What does it mean for a player to matter in a way that is productive of stable, engaging, communities?  Broadly speaking, it involves those players being incorporated into a narrative.  I’m using that term in a really loosey goosey way, but consider a traditional single-player RPG.  Such games will encourage you to form a questing group that grows and changes over the course of time.  In the better games you come to care about the characters in your group for reasons that go beyond their skill set.  They have a backstory and far from simply “accompanying” you on your story, they have been integral to the way that story evolves.  Think, for example, of Bioware’s classic Knights of the Old Republic.  Taking into account whether your character evolves toward the light or dark side, and irrespective of what characters would be good choices to take into the final encounters, aren’t there just some characters that just feel “right” to be with you there at the end?

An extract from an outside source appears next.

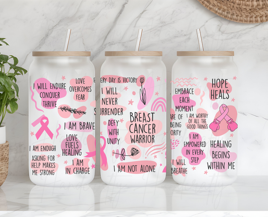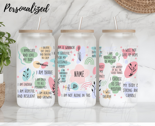 Personalized Breast cancer warrior daily affirmations insulated stainless steel tumbler, mug or Libbey glass cancer survivor gift.

Or consider the way our real life communities work.  Aren’t these communities built and maintained largely through narrative?  Sure, we tell ourselves that our communities are built through shared activities, neighborliness, mutual respect, and so on.  But isn’t it true that it is more the stories we tell ourselves and one another about these things that forms the glue that makes us care about one another?  Moreover, these stories that make us care about other people are of necessity convenient, convincing fictions.  Seventy-year old Mrs. Dolan down the road may actually be running an international pornography empire.  That lovely couple, the Millers, with those adorable kids, may indulge in late-night neo-Nazi dress-up rituals in their basement.  But to us they are the lady who always takes such great care of her garden and that lovely family who always brings your trash bins back in.

(The corollary of this is one of my darkest fears: that as the arts and humanities appear less and less important as, arguably, appears to be the case in the US at least, that our ability to construct these necessary fictions and to embellish them with the kind of creativity necessary to sustain communal life, is fast disappearing.  We’re all becoming lousy storytellers.  Or rather, maybe we are just becoming very good prototypical gamers: we marshal all our resources to tell a convincing story that makes sense of ourselves alone and then defend it at all costs against all comers).

The player discussion that followed the Schubert’s post is, unfortunately, not worth the trouble of scrolling down.  Perhaps predictably, it rather quickly degenerated into a debate about whether WoW is better than EVE.  What is significant, however, is Schubert’s closing remark.  Noting that the nature of his blog post reflects the fact that the team is beginning to lock down the features of some of their core systems

to the degree that we’re comfortable talking about them. Like I said earlier, The Old Republic is an MMO, and it’s these systems and features that really help define that fact. You’ll likely hear a lot of design theory around them. As we do so, you’ll likely see a common theme: us constantly asking ourselves “Is this feature better because it leverages other players and the community?”

Of course, a lot depends on what “leverages” means.  There’s a lot of pressure on that one word.  Bioware have made it very clear that they regard story as being one of the foundational elements of a great gaming experience.  Yet “leverage” has unfortunate connotations of the kind of stat balancing and number-crunching game design focus that produces things like Star Trek Online. And no one wants to see another one of those.